((
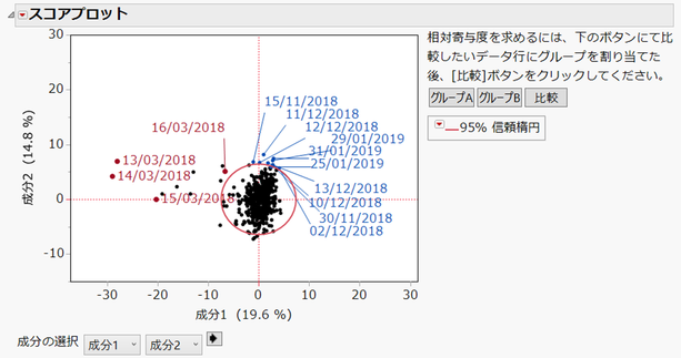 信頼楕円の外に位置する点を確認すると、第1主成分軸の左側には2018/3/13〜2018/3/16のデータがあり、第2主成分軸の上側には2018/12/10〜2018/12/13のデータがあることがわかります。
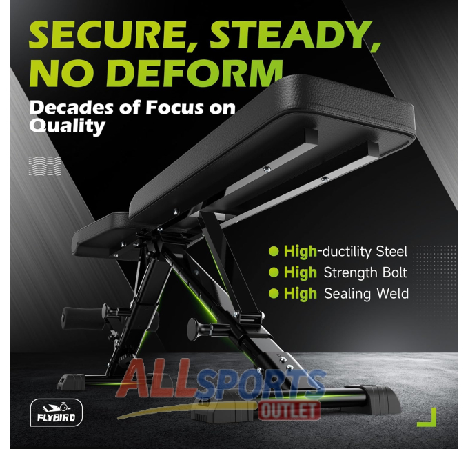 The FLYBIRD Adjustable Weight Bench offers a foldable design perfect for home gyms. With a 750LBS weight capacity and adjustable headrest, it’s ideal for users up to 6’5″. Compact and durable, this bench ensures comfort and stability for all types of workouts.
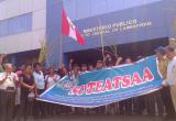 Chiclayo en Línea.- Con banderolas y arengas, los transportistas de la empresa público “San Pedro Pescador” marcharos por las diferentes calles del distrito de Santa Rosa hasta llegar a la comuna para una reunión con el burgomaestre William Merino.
))
Work instructions >>
Reproduce the data exactly as it appears above. Pictures are to be left out.

Output of the task >>
 信頼楕円の外に位置する点を確認すると、第1主成分軸の左側には2018/3/13〜2018/3/16のデータがあり、第2主成分軸の上側には2018/12/10〜2018/12/13のデータがあることがわかります。
 The FLYBIRD Adjustable Weight Bench offers a foldable design perfect for home gyms. With a 750LBS weight capacity and adjustable headrest, it’s ideal for users up to 6’5″. Compact and durable, this bench ensures comfort and stability for all types of workouts.
 Chiclayo en Línea.- Con banderolas y arengas, los transportistas de la empresa público “San Pedro Pescador” marcharos por las diferentes calles del distrito de Santa Rosa hasta llegar a la comuna para una reunión con el burgomaestre William Merino.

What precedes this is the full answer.